§ **WHAT THIS TASK INVOLVES**: Where a line in the entries below contains the word "from", count it. Return the total alone.

§ **RECORD EXCERPTS**:
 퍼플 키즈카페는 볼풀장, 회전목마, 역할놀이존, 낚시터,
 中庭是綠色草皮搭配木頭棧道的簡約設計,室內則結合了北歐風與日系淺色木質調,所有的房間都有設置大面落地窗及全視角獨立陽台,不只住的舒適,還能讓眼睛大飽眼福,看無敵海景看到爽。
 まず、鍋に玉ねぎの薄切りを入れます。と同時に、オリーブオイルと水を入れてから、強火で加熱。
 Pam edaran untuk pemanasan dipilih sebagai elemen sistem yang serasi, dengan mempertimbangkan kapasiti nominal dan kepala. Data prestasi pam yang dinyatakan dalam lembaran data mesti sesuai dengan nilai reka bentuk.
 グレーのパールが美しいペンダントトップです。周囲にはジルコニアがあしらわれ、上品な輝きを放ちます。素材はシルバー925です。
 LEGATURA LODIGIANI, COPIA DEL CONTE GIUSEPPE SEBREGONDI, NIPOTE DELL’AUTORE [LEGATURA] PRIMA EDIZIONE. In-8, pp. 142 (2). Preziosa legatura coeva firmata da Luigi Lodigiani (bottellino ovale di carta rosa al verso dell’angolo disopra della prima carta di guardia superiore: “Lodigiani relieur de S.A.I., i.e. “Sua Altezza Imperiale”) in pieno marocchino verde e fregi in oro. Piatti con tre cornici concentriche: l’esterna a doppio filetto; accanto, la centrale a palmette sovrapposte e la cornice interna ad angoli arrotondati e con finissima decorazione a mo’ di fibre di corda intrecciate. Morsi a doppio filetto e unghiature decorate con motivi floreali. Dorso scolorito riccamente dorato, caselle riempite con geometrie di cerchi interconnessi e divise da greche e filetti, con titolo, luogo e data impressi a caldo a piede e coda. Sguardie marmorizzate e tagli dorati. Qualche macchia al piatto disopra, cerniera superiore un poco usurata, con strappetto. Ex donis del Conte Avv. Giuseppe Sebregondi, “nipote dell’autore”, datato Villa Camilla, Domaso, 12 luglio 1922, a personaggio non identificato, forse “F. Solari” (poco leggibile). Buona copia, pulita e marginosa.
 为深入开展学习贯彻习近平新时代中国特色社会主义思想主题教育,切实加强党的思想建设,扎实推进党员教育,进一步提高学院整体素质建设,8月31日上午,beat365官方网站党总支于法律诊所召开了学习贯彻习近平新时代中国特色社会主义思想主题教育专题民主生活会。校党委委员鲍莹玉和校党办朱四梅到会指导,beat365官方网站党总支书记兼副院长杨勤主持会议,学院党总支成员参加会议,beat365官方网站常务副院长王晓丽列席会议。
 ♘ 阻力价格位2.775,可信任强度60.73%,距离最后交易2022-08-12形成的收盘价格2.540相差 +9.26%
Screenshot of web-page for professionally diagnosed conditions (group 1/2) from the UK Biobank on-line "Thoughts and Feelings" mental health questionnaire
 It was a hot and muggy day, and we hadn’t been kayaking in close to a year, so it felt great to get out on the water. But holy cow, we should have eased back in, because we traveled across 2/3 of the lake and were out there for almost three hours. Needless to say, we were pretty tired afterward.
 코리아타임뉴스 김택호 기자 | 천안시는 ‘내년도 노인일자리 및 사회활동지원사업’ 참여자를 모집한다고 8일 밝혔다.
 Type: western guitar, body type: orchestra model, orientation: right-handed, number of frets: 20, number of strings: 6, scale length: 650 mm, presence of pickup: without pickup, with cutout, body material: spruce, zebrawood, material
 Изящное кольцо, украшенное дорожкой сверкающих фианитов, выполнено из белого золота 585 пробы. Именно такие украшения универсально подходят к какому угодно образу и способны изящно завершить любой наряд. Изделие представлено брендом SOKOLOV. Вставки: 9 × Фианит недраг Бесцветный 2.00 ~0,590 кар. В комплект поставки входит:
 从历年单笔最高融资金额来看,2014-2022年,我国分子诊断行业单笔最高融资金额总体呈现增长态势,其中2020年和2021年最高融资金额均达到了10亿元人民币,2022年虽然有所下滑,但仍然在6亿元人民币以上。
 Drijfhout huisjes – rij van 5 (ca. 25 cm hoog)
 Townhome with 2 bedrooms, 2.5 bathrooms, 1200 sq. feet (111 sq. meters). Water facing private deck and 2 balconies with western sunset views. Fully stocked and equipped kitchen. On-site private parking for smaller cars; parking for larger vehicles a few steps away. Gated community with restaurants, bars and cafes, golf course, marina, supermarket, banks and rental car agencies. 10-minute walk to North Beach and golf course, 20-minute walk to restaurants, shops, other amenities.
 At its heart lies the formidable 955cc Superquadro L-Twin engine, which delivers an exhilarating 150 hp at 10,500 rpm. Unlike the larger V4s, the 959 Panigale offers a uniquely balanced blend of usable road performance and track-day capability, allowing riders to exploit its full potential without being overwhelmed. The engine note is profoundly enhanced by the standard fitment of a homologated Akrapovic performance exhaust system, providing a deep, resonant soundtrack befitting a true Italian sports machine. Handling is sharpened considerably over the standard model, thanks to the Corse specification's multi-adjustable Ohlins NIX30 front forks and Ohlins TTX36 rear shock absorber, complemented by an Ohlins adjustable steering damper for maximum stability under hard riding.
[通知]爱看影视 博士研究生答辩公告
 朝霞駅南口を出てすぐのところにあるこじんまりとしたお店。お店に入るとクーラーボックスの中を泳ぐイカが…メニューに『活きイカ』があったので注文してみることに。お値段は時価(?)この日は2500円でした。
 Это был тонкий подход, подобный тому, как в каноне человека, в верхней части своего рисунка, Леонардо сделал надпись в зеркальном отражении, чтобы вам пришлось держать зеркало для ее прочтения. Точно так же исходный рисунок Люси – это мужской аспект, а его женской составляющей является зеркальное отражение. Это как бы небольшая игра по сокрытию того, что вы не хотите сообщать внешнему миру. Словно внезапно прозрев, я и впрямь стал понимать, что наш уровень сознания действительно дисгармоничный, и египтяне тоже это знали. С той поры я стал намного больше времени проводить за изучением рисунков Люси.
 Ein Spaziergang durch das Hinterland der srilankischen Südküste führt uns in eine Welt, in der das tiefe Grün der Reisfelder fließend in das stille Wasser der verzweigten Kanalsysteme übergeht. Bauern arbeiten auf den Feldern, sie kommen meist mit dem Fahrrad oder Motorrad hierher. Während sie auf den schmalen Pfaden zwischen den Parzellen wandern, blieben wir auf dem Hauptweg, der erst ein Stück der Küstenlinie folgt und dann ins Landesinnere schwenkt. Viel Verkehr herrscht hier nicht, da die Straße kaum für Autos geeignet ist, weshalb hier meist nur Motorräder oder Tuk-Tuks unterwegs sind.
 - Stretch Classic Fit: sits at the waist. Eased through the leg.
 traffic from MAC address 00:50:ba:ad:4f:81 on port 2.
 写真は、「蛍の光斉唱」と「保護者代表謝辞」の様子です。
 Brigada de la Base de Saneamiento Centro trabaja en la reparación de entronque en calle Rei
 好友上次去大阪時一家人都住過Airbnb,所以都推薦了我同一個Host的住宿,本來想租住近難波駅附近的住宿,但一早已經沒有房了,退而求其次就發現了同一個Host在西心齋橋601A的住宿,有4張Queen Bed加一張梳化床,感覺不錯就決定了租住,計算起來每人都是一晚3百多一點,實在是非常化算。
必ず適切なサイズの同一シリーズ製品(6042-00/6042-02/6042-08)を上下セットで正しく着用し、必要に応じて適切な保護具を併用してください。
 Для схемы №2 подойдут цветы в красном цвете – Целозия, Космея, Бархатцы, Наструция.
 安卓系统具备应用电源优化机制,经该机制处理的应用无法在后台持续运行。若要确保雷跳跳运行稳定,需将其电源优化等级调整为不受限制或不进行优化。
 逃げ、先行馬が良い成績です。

§ **TASK ANSWER**: 2